While we are cautiously optimistic, there remains headwind for risk assets, including continuation of high interest rate and its impact on economic activities, and slower than expected economic growth in China, as well as the still relatively high valuations in the developed markets. The continuing geo-political tension in Europe and in East Asia, and the new conflict in the Middle East will keep risk premium elevated at times and result in markets volatility. We will be watchful on these.
The market corrections in Chinese equities and their depressed valuation may offer potential upside on expansionary Chinese policies to support economic activities.
We continue to apply our strategy of focusing on identifying fundamentally healthy companies with low valuations, low leverage, high growth, robust management and a strong track record, and adherence to our investment philosophy of “Never Fully Invest at All Times” which has served us well over the years.

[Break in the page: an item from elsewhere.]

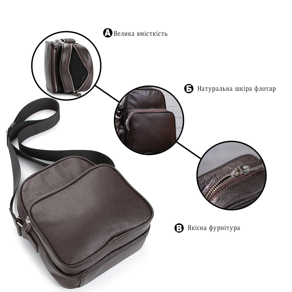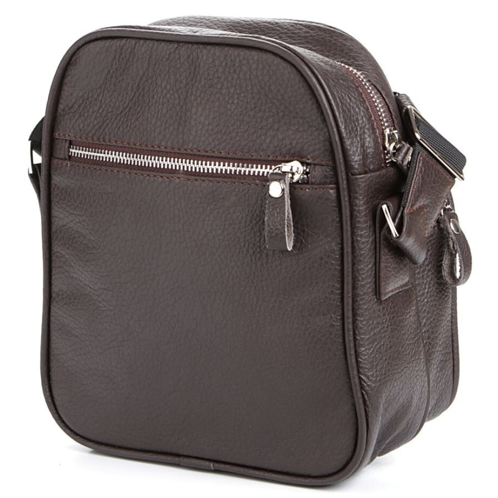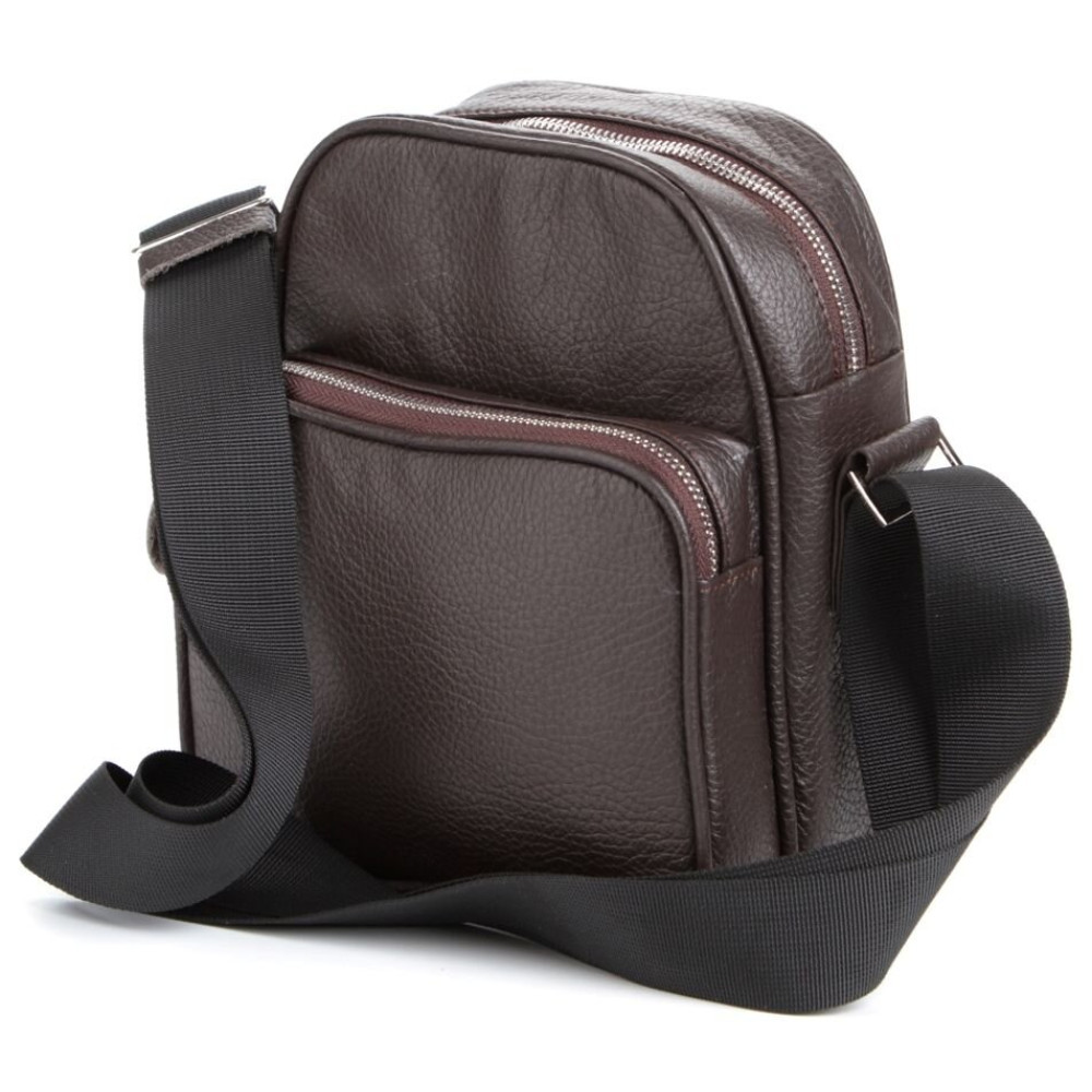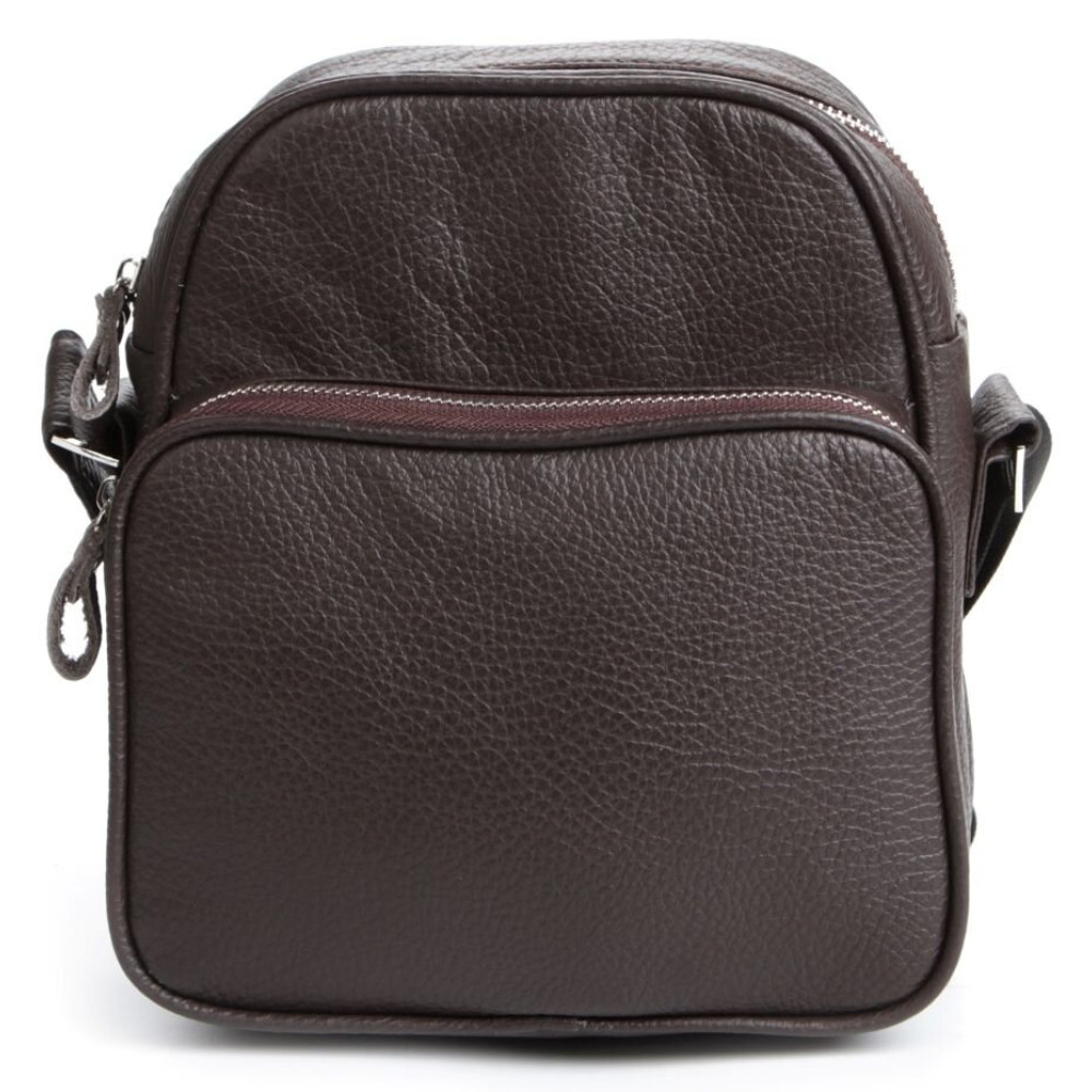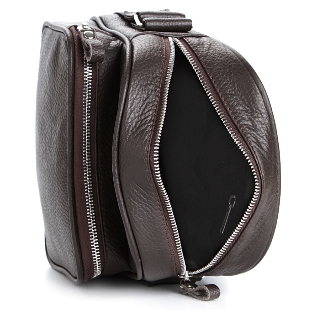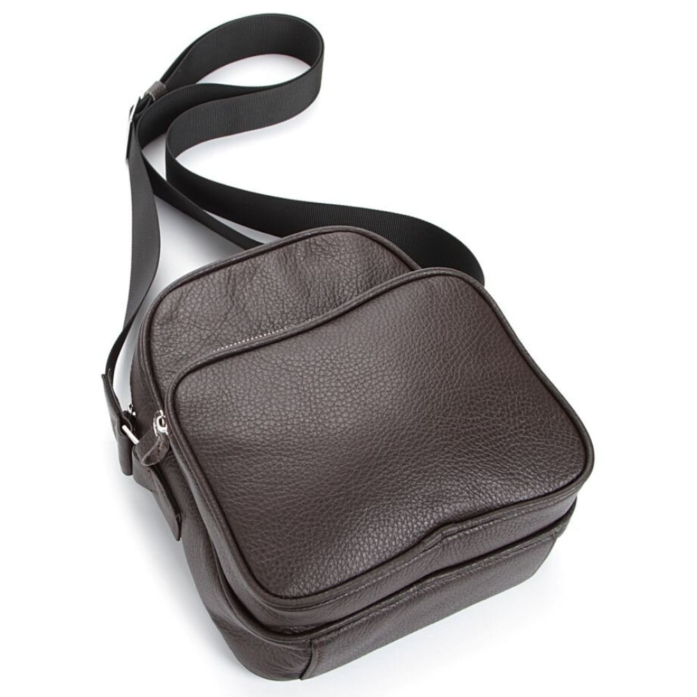 Современная мужская кожаная сумка темно-коричневого цвета. Аксессуар выполнен из кожи флотар, которая отличается «зернистой» фактурой. Цвет фурнитуры: серебро. Сумка носится через плечо при помощи регулируемого плечевого ремня, который выполнен из прочного текстильного материала.

We thank you once again for your continued faith in us, and hope to remain good stewards in our endeavour to protect and grow your capital.
This article is solely for information purposes. It is not intended as an offer or solicitation for the purchase or sale of any financial instrument, investment product or service. The information contained herein does not have any regard to the specific investment objectives, financial situation or particular needs of any person. Investors may wish to seek advice from a financial advisor before making any investment decision. Past performance is not indicative of future results. An investment is subject to investment risks, including the possible loss of the principal amount invested.